Some considerations should be taken into account when interpreting these findings. First, only five CPK elevation events were observed and power may have been an issue indicating that a larger study needs to be performed. However, we evaluated all patients that received daptomycin since FDA approval in VISN-2. Over 500 patients would have been required to demonstrate a statistically significant difference in the small effect size (5.7% versus 1.1%) observed in our study and this was not feasible given daptomycin usage in VISN-2. Due to the very low number of events, we were unable to perform multivariate analysis to assess if statin therapy is independently associated with CPK elevation. Second, we were unable to discriminate the CPK risk associated with individual statins because the majority of patients were on the VA formulary agent, simvastatin, during the study period. Third, some patients who did not receive statin therapy while receiving daptomycin had previous exposure to statins. It is unclear whether previous exposure would affect the risk of developing a CPK elevation. Future studies should discern whether this is an important predictor. Fourth, this study was performed among patients receiving care at VISN-2 facilities. External validity may be an issue in populations with a different distribution of comorbidities and gender. Finally, none of the CPK events occurred in patients on hemodialysis. This is an important point to consider because these patients are likely to have altered drug exposure and potentially have a higher probability of achieving troughs in excess of 24.3 µg/mL, the threshold associated with an elevated risk of CPK elevations [3]. Given that this trough target was derived from patients enrolled in registration trials of daptomycin, future studies should evaluate if this trough threshold is applicable to the general population of patients using daptomycin and if the threshold differs by use of concomitant statin therapy, hemodialysis and other clinical factors that may modify daptomycin exposure.

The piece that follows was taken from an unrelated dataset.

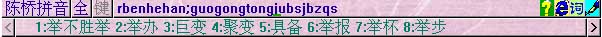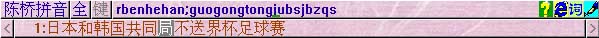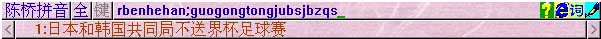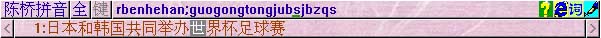 例如:当需要输入语句“日本和韩国共同举办世界杯足球赛”,可键入:rbenhehan;guogongtongjubsjbzqs,在提示窗口可能有如下图4-51-0的提示。

In summary, the incidence of CPK elevation did not significantly differ with or without concomitant statin therapy among patients receiving daptomycin. Previous recommendations to avoid this combination should be revisited given these findings. Future studies should examine this relationship in larger populations with more heterogeneous statin usage and attempt to quantify the risk of CPK elevation with individual statins.